● **ABOUT THIS EXERCISE**
From the first line of the entries below through the line bearing "收集脂肪液缓存保温罐、酶解分", write out each line exactly. Omit pictures.

● **MATERIAL SUPPLIED**
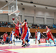 地元豊川のファンを沸かせたフェニックス(豊川市総合体育館で)
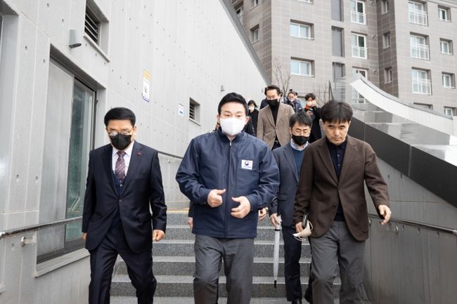 원희룡 국토교통부 장관은 1월 13일 오전 10시 서울 고척의 공공지원 민간임대주택 입주 현장을 방문하여 하자 처리 상황 등 입주 환경을 점검하고 입주민들의 애로사항을 청취했다. 사진=국토교통부 제공
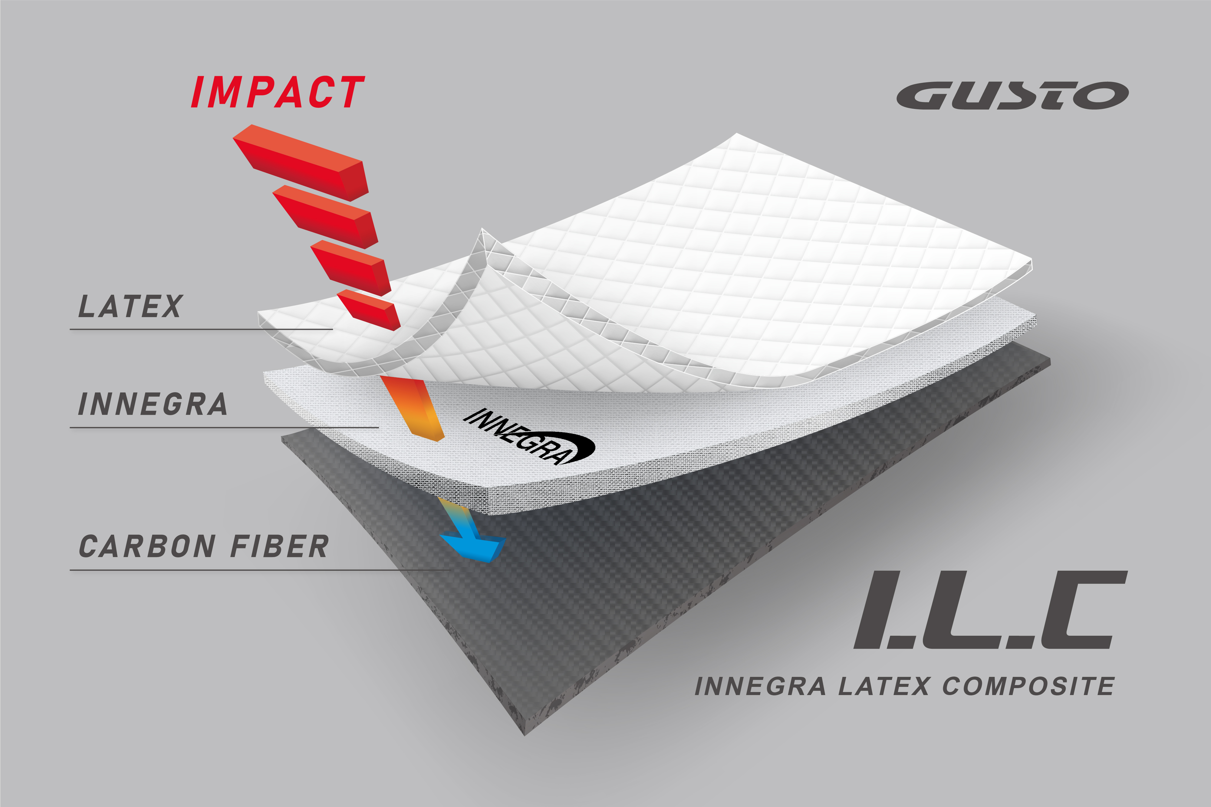 I.L.C. (Innegra Latex Composite) คือวัสดุไฮเทคจากสหรัฐฯ ที่เป็นไฟเบอร์สมรรถนะสูงน้ำหนักเบาที่สุดในโลก เมื่อนำมาผสานกับวัสดุ LATEX ที่จดสิทธิบัตร ช่วยมอบประสิทธิภาพการซับแรงสั่นสะเทือนที่ยอดเยี่ยม
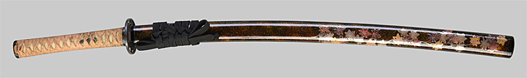 本造り庵棟 うぶ茎 小板目肌、柾交じりよく詰む。地沸微塵につき、細かな地景顕われ、淡く白気映り立つ。刃紋は湾れに互の目交じる。匂い口ややフックラと小沸よくつく。刃縁ほつれ、小足、葉働く。金筋、砂流しかかり、明るく冴える。出来良し。キズも無く綺麗に研ぎ上げてあります。黒呂秋草蒔絵鞘打刀拵付き。
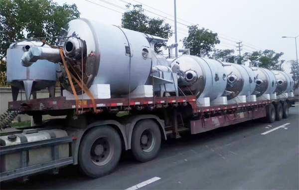 收集脂肪液缓存保温罐、酶解分糖液出膜缓存保温罐、胶原蛋白肽液缓存保温罐、进膜分离液缓存保温罐等等已经发往贵公司。 下面我们具体看一下发货情况如图:
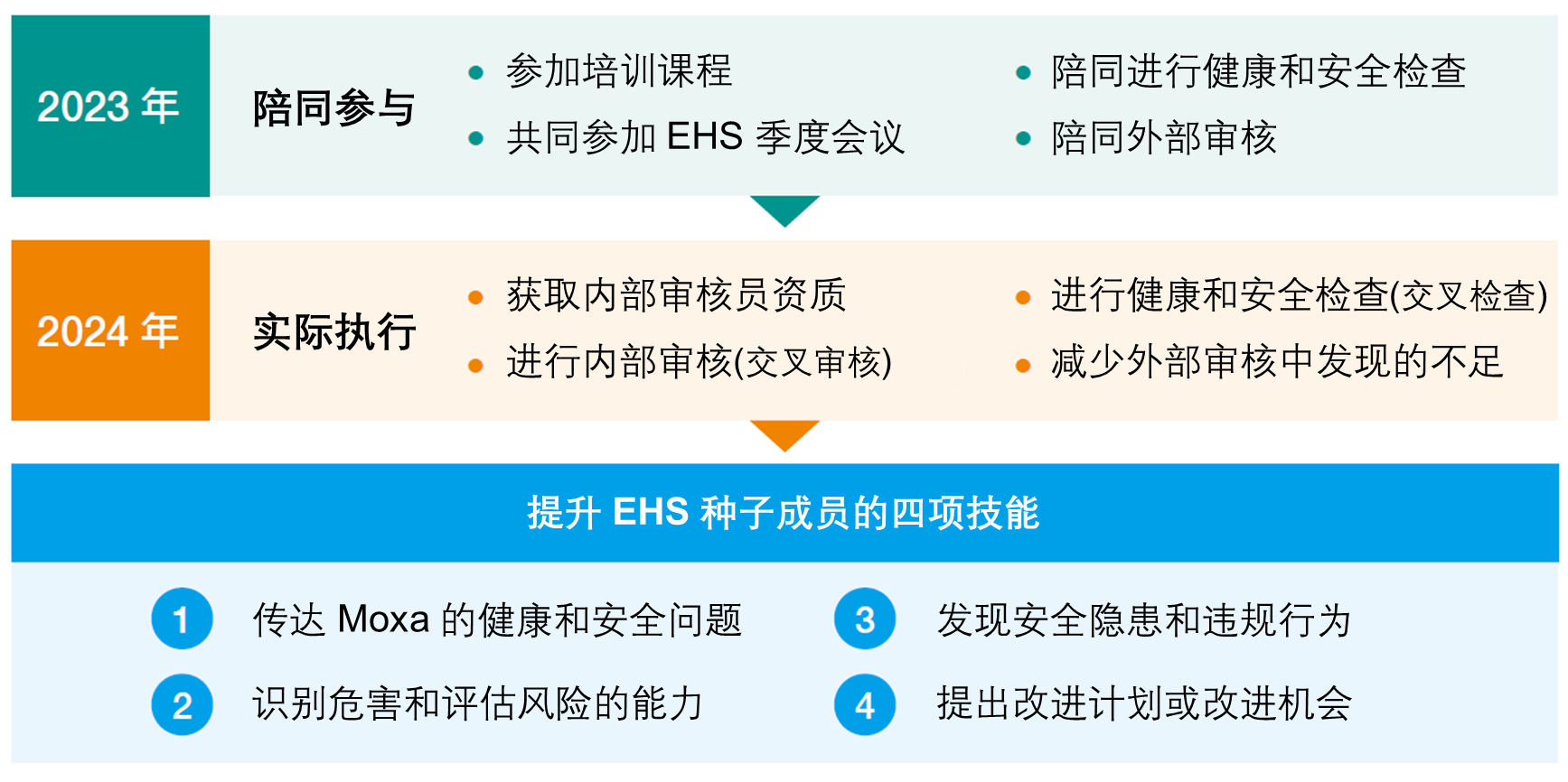 EHS 种子成员负责传递安全意识,提醒员工重要事项。2024 年,Moxa 安排 EHS 种子成员及相关人员(共 40 人)获得“EHS 管理体系 —— 内部审核员”资质。此外,EHS 种子成员的工作重点从“陪同参与”转变为“实际执行”。他们能够实际参与跨部门健康与安全检查和审核,分享优秀实践经验,学习新知识,改进本部门的不足,进一步强化各部门的安全健康意识,建立统一的安全标准,共同推动 Moxa 的安全文化建设,有效降低潜在风险,提高整体安全意识。

● **REPLY**
 地元豊川のファンを沸かせたフェニックス(豊川市総合体育館で)
 원희룡 국토교통부 장관은 1월 13일 오전 10시 서울 고척의 공공지원 민간임대주택 입주 현장을 방문하여 하자 처리 상황 등 입주 환경을 점검하고 입주민들의 애로사항을 청취했다. 사진=국토교통부 제공
 I.L.C. (Innegra Latex Composite) คือวัสดุไฮเทคจากสหรัฐฯ ที่เป็นไฟเบอร์สมรรถนะสูงน้ำหนักเบาที่สุดในโลก เมื่อนำมาผสานกับวัสดุ LATEX ที่จดสิทธิบัตร ช่วยมอบประสิทธิภาพการซับแรงสั่นสะเทือนที่ยอดเยี่ยม
 本造り庵棟 うぶ茎 小板目肌、柾交じりよく詰む。地沸微塵につき、細かな地景顕われ、淡く白気映り立つ。刃紋は湾れに互の目交じる。匂い口ややフックラと小沸よくつく。刃縁ほつれ、小足、葉働く。金筋、砂流しかかり、明るく冴える。出来良し。キズも無く綺麗に研ぎ上げてあります。黒呂秋草蒔絵鞘打刀拵付き。
 收集脂肪液缓存保温罐、酶解分糖液出膜缓存保温罐、胶原蛋白肽液缓存保温罐、进膜分离液缓存保温罐等等已经发往贵公司。 下面我们具体看一下发货情况如图:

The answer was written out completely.